Difference between Full Employment and Under-Employment Equilibrium!
(i) Full Employment Equilibrium:
Full employment equilibrium refers to the equilibrium where all resources in the economy are fully utilised (employed).
Simply put, when equilibrium between AD and AS takes place at full employment of resources, it is called full employment equilibrium. There are no unused resources. There is no involuntary unemployment.
Aggregate demand is just sufficient to ensure full utilisation of all available resources. It also indicates that in such a situation aggregate demand is neither in excess nor deficient but equal to supply at ‘full employment level’. It is just equal to what it should be. This is an ideal situation which every economy desires to achieve and ensures its continued existence.
The situation of full employment equilibrium has been illustrated in Fig. 8.15. X-axis measures the level of output (or AS) whereas Y-axis measures aggregate demand [i.e., consumption demand -I- investment demand). AS is expressed by 45° line whereas the line AD represents aggregate demand
Both the curves intersect at point E which yields full employment equilibrium because aggregate demand EM is equal to full employment level of output OM. (Remember, point E is equidistant from both the axes because E lies on 45° line.) Thus, economy is at full employment equilibrium at output level of OM since all those who are willing to work at the existing wage rate have secured employment.
(ii) Under-employment equilibrium:
Under-employment equilibrium means equality between aggregate demand and ‘aggregate supply but at less than full employment’. It is a state of equilibrium where level of demand is less than full employment level of output’. In other words, in producing the output, economy’s all resources are not fully employed, i.e., some resources are underemployed.
This situation is caused not by low level of aggregate supply but by deficiency of aggregate demand. When level of demand is less than full employment level of output, it is called deficient demand which pushes the economy into under-employment equilibrium. It results in deflationary gap, i.e., gap between aggregate demand and ‘aggregate supply at full employment’.

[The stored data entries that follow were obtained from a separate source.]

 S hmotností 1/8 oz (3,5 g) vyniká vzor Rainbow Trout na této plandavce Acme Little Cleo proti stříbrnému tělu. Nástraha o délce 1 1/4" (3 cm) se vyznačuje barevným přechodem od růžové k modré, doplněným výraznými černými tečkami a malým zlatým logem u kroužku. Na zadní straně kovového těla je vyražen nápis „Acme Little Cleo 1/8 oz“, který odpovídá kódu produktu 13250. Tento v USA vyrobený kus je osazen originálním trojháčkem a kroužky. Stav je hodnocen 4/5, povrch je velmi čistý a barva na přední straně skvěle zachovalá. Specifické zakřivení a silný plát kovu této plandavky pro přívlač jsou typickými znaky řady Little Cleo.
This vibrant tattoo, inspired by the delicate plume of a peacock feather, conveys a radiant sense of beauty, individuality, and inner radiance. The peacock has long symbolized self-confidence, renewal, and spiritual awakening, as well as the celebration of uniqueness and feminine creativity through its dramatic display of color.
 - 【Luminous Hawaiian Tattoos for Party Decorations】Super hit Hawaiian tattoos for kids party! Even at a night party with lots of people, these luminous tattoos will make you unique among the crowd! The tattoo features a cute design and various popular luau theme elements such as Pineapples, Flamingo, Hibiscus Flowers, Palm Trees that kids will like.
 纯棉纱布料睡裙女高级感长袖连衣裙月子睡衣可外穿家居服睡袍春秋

The situation of under-employment equilibrium has been shown in Fig. 8.15 wherein full employment equilibrium is at point E but under-employment equilibrium occurs at point E1 because AD, (actual) curve intersects the same AS curve at E1 due to inadequacy of demand. OM1 is the under-employment equilibrium level of income which is less than OM full employment equilibrium level of income. Under-employment equilibrium gives rise to deflationary gap shown as EB in the Fig. Since, AD falls short of AS at full employment by EB, therefore, additional investment expenditure equal to the level of EB (i.e., deflationary gap) is required to reach full employment equilibrium.